Macao's efforts in protecting its historic center have been recognized as one of the Macao SAR Government's "most successful" endeavors during the past decade, according to research conducted in August by the Macao Inter-University Institute and the Macao Business magazine. Further endeavors on the list include promoting the region's economy, developing its tourism, opening the gambling industry to foreign investors, improving the people's livelihoods and ensuring the region's stability and security.

Macao's citizens are increasingly confident in the region's future and have been the happiest since it returned to China 10 years ago, according to the report, the eighth telephone poll of its kind on the region's standard of living. While Macao's personal well-being index (PWI) increased 1.2 percent to hit a record high in the third quarter of this year, one third of its population said they thought they were both Macanese and Chinese.

"These tangible and intangible cultural heritages are an indispensable part of local residents' life. Unaware of their existence, they have been living within or with them for centuries," said Ho.

"Churches and temples are part of local citizens' daily lives, and these functions are basically unchanged," said Ho. "That explains why few realize they are living alongside a wealth of cultural heritage."

She gave the Lou Kau Mansion as an example, a typical Chinese courtyard-house compound.
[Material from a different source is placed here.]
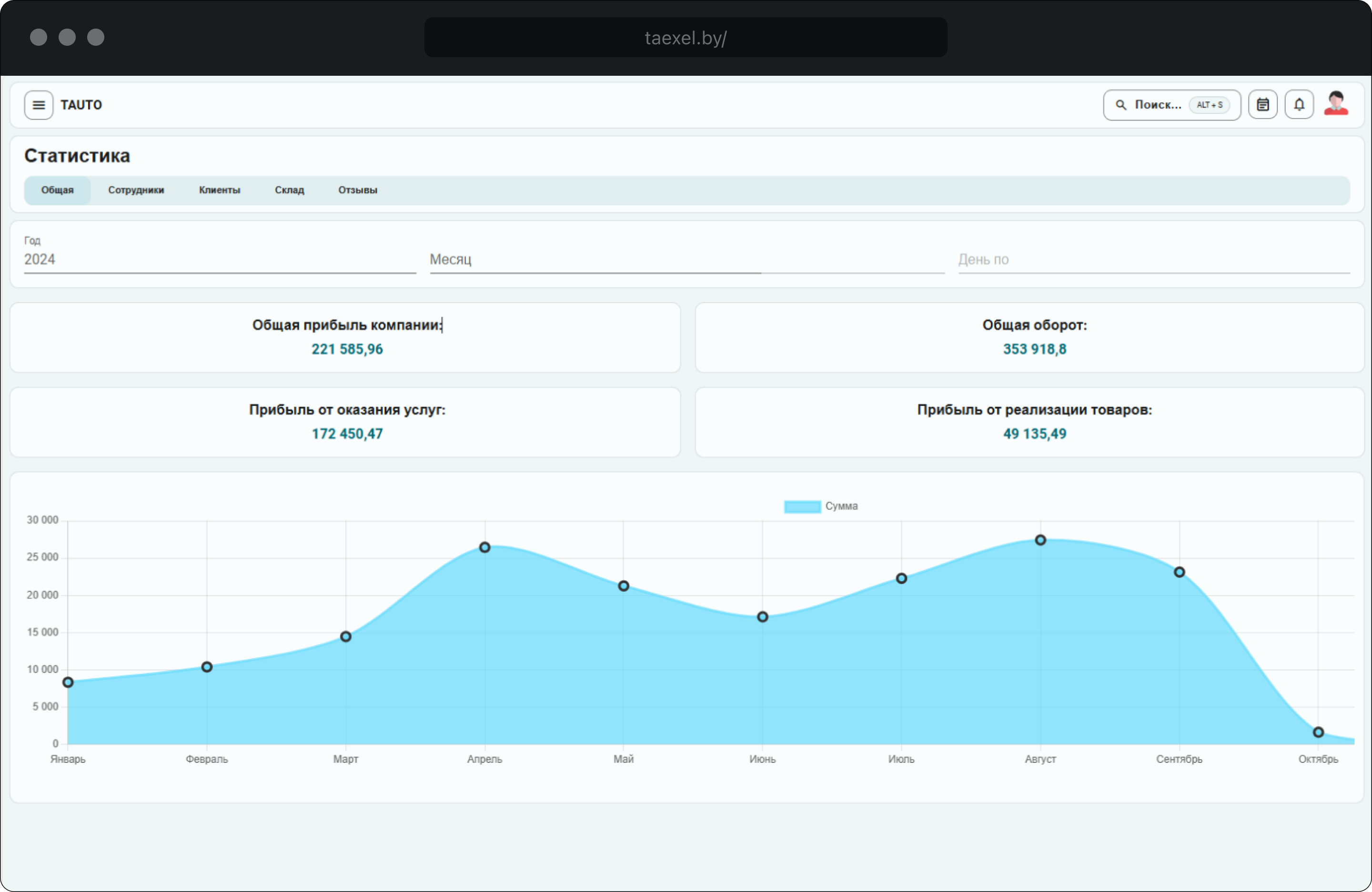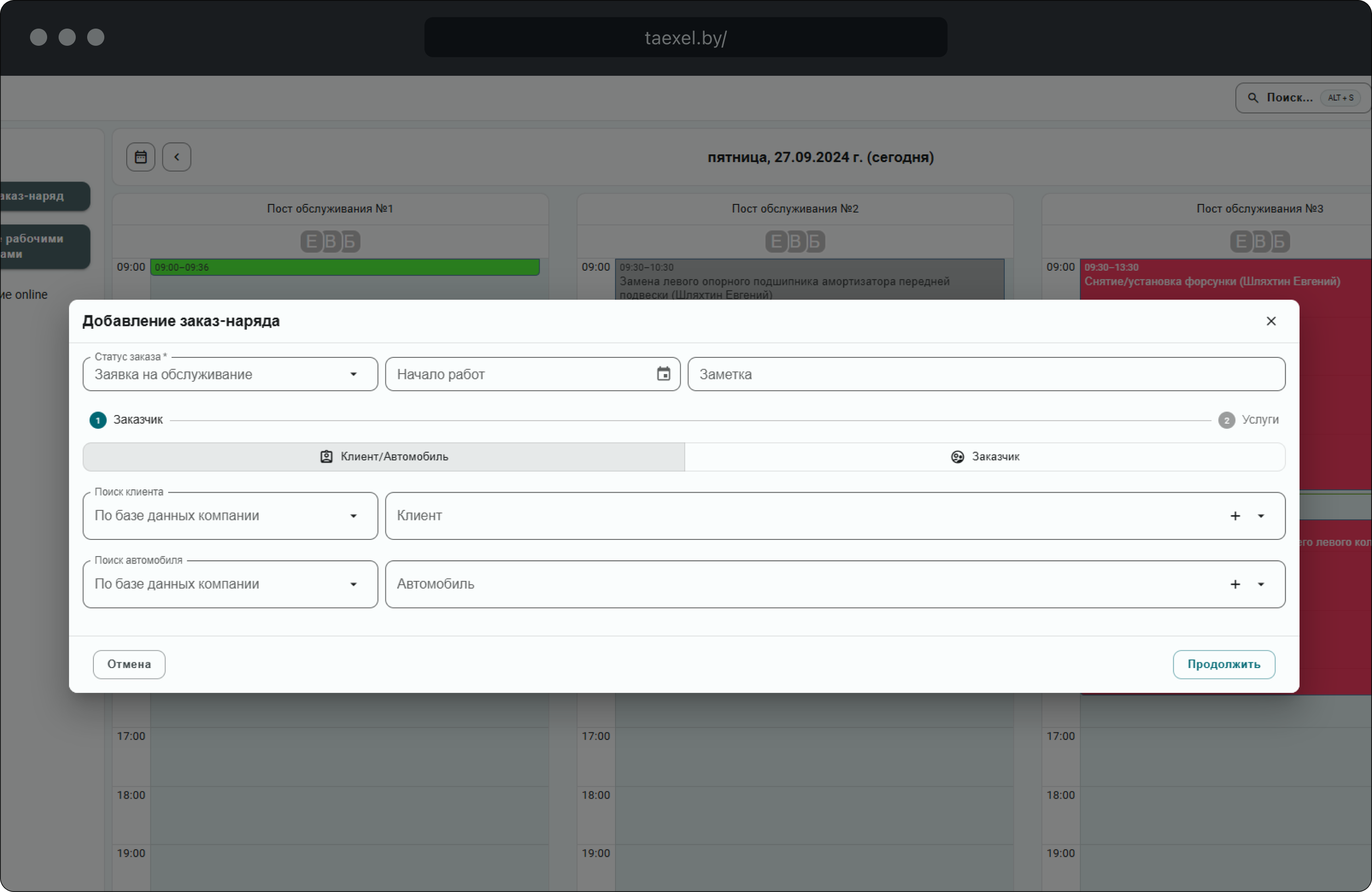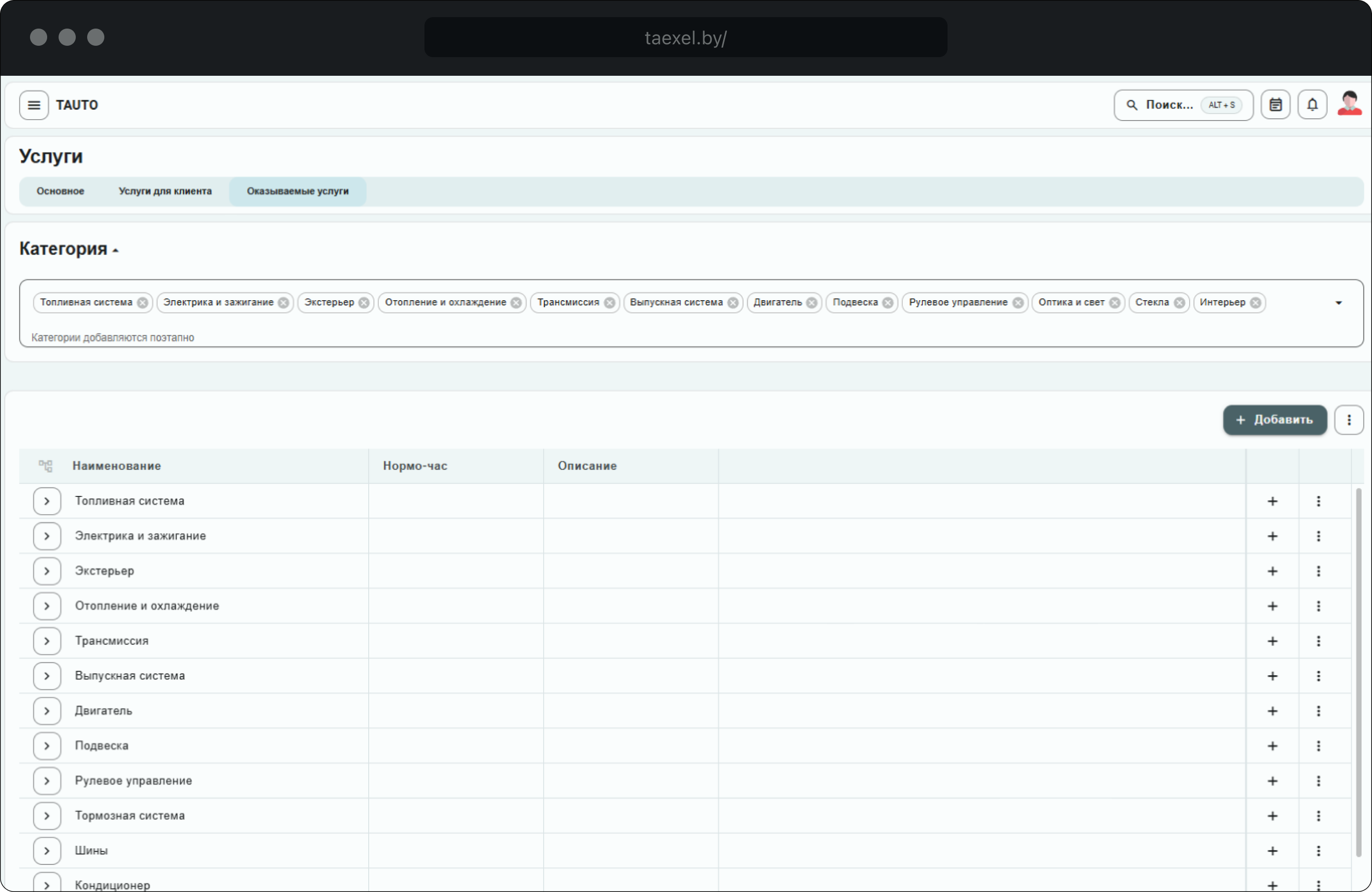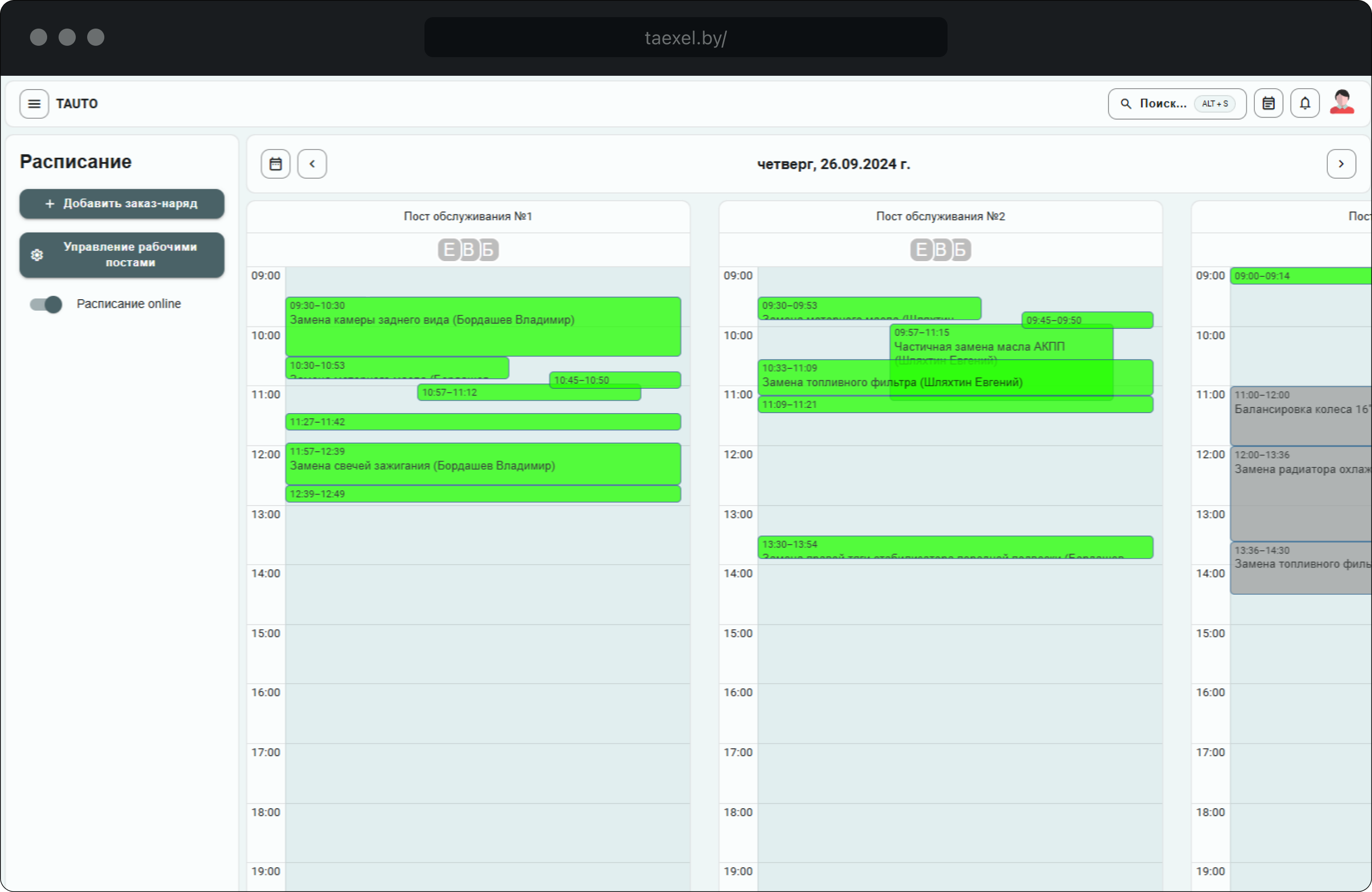 Базовый - создание заказ-наряда - ведение историю обслуживания клиента и складского учета - составление плана работ по клиентам - видеть базовую статистику вашего предприятия - добавлять/удалять сотрудников Расширенный - расширенная статистика - добавление более трёх сотрудников - в приложении: отображение в акциях, смс оповещение - клиенты получают возможность онлайн записи на обслуживание - кампания отображается на картах приложения TAEXEL - push-уведомления для информирования клиентов через мобильное приложение

The Macao SAR Government took over the mansion for renovation and maintenance in 2002. When it was opened to the public, many citizens in the neighborhood said they had never before noticed such a nice building.

Ho also attributed the achievement made to close exchanges between Macao and the mainland. For example, experts on Lingnan architecture, a style widespread in south China's Guangxi Zhuang Autonomous Region and Guangdong Province, and Cantonese Opera paid visits to Macao and offered their support for protection and preservation work, she said.

"Work involving cultural heritage protection and applications has greatly increased the local residents' sense of cultural relic protection."

This was, she said, the best result she and her colleagues had attained in the past 10 years.